Former MLB outfielder Monte Harrison. Troy Taormina-USA TODAY Sports

Former second-round pick and top outfield prospect Monte Harrison hasn’t appeared in the majors since 2022 and isn’t pursuing a return to the big leagues at this point. 

Rather, he’s now committed to the University of Arkansas’ football team as a walk-on wide receiver, as first reported by Richard Davenport of WholeHogSports.com.

Harrison, who’ll be 29 next fall, will be the oldest player in college football when the season gets underway. A three-sport star at his Missouri high school, he’d committed to play football for Nebraska before the Brewers selected him in the second round of the 2014 MLB Draft (No. 50 overall) and offered a $1.8M signing bonus. Harrison opted to forgo his NCAA commitment and turn pro in baseball.

Riley Boehm, Harrison’s high school coach, tells Mitch Sherman of The Athletic that even at the time he was being selected in the second round of the MLB Draft, “My whole thought back then was that he’s an NFL player, but he was stuck on baseball.” 

Sherman spoke to Boehm and University of Nebraska baseball coach Will Bolt about Harrison’s long-shot football bid and freakish athleticism.

Though Harrison came to professional baseball with plenty of pedigree, drew ample top prospect fanfare and ultimately reached the majors, his MLB career certainly did not pan out as he’d hoped. 

After Harrison coupled his preternatural athleticism with a .272/.350/.481 line between two Class-A levels in 2017, he emerged as a consensus top-100 prospect in the sport. 

Then 21 years of age, Harrison was one of the key pieces sent from the Brewers to the Marlins in the Christian Yelich blockbuster that significantly altered the trajectory of both franchises.

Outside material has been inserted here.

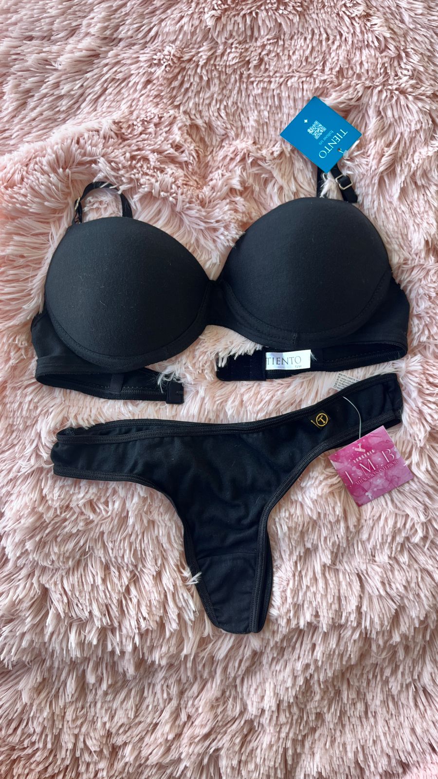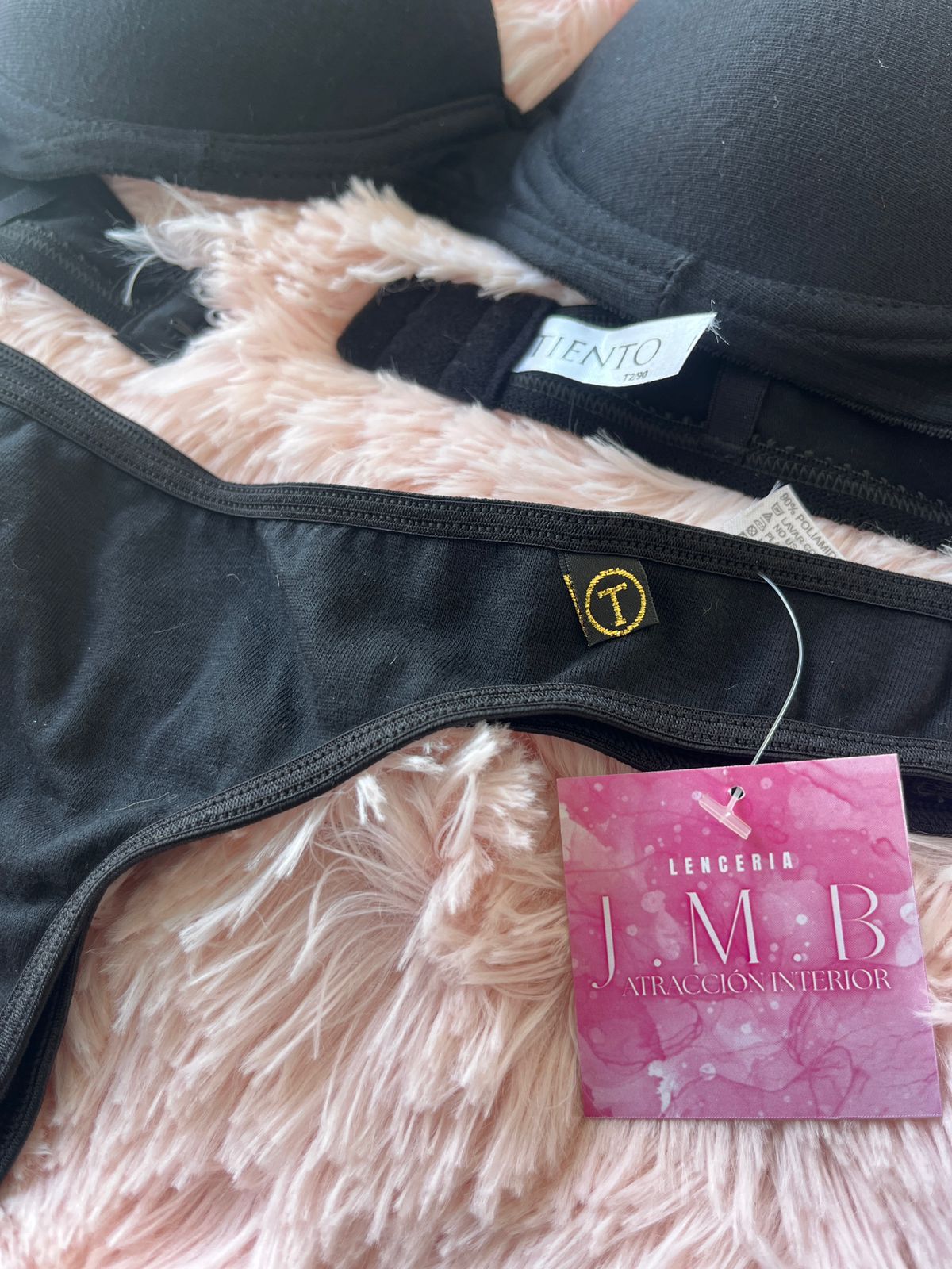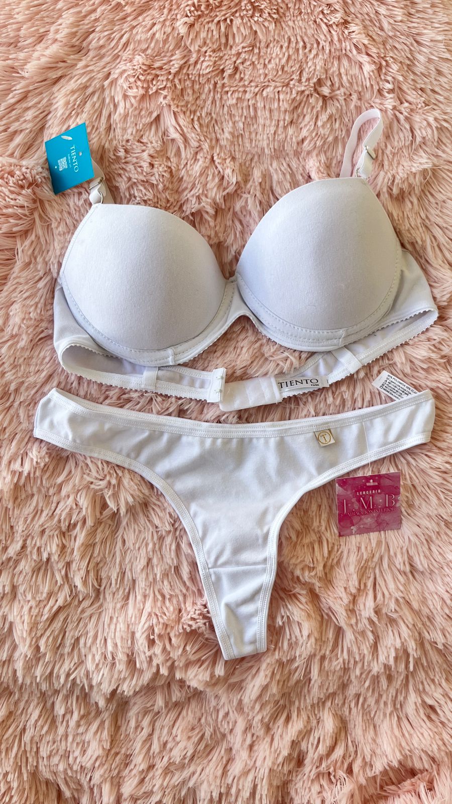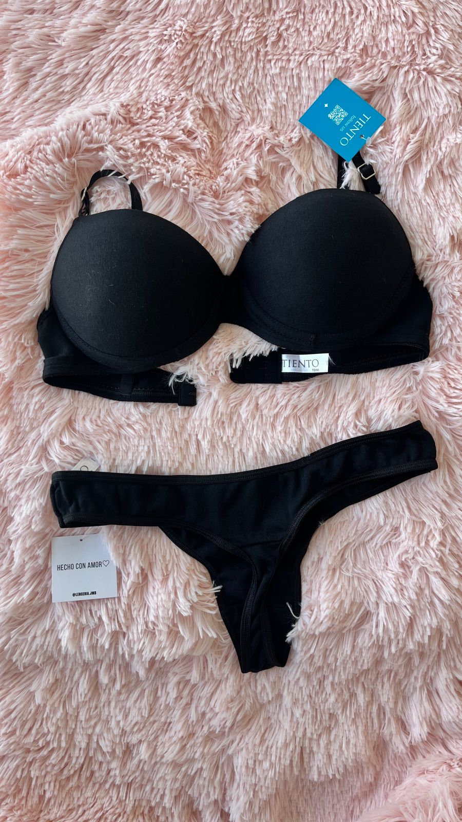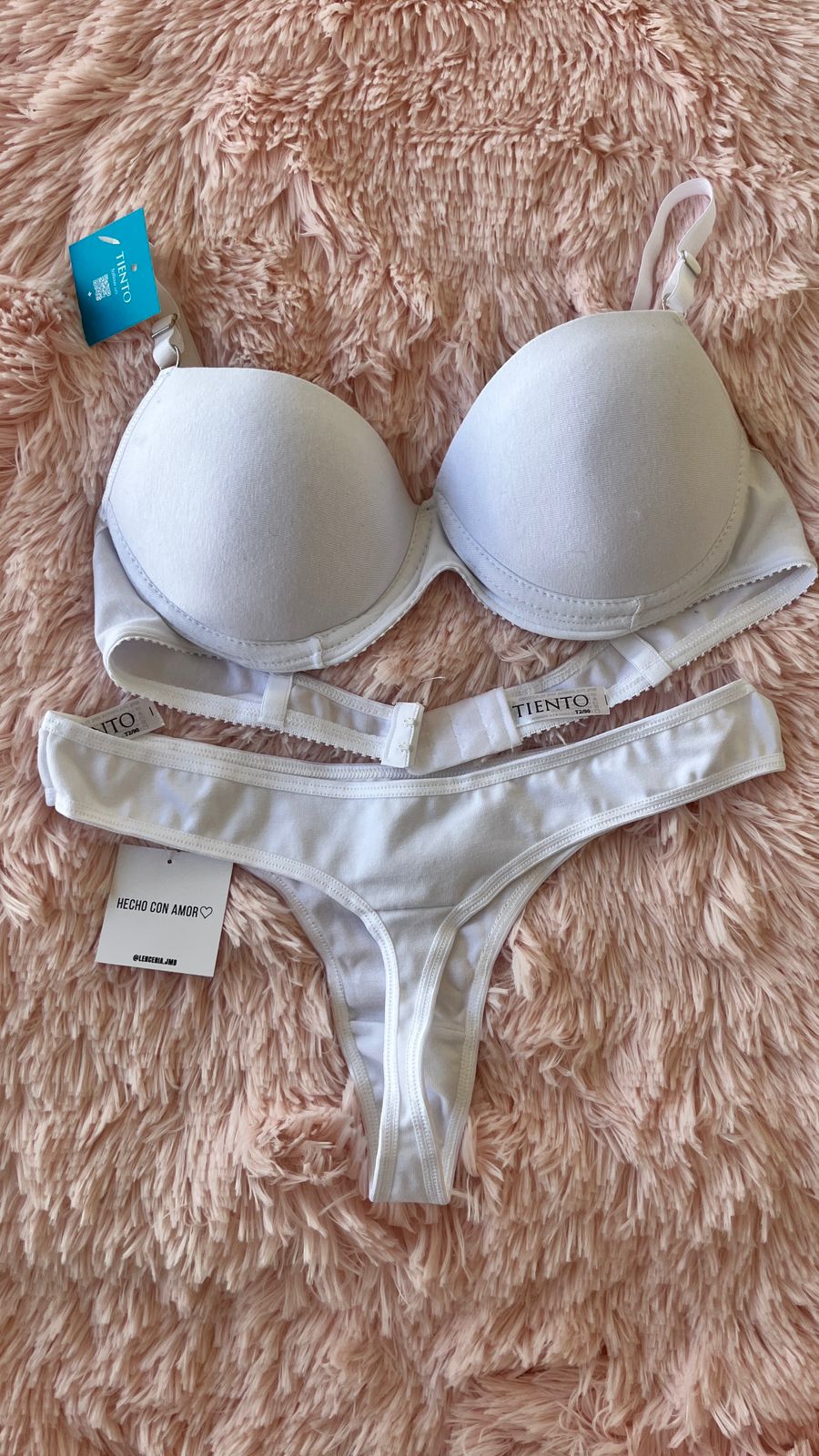 Conjunto taza soft push up con arco y gancho en espalda, tiene arandelas de metal con baño hipoalargenico. Junto con su colaless. Ambos realizados con algodón lycra.

Yelich broke out with an MVP showing in his first season in Milwaukee, finished second in NL MVP voting his second year there and signed a franchise-record $215M contract ($188.5M in new money) that runs through the 2028 season. 

The Marlins saw all of the prospects acquired in that trade — Harrison, Lewis Brinson, Isan Diaz and Jordan Yamamoto — struggle immensely in Miami. None of the four are with the organization anymore.

Harrison played parts of two seasons with the Fish (2020-21) and had a nine-game cup of coffee with the 2022 Angels as well. He tallied just 76 major league plate appearances across those three seasons and batted .176/.253/.294 with a 48.7 percent strikeout rate. 

His bat never fully broke through even at the Triple-A level, where he slashed .238/.322/.398 with a 36.5 percent strikeout rate in parts of four seasons (1179 plate appearances). 

His speed was still on display, however, as he swiped 90 bags in 105 tries (85.7 percent success rate). Overall, Harrison stole 210 minor league bases and was caught only 39 times — an excellent 84.3 percent success rate.

Even though his baseball career has fizzled out, Harrison still checks in at an imposing 6-foot-3 and 220 pounds. An eventual NFL emergence is an obvious long shot, but Harrison’s journey will be a fun story to track in the months ahead as he fights to keep his professional sports dream alive.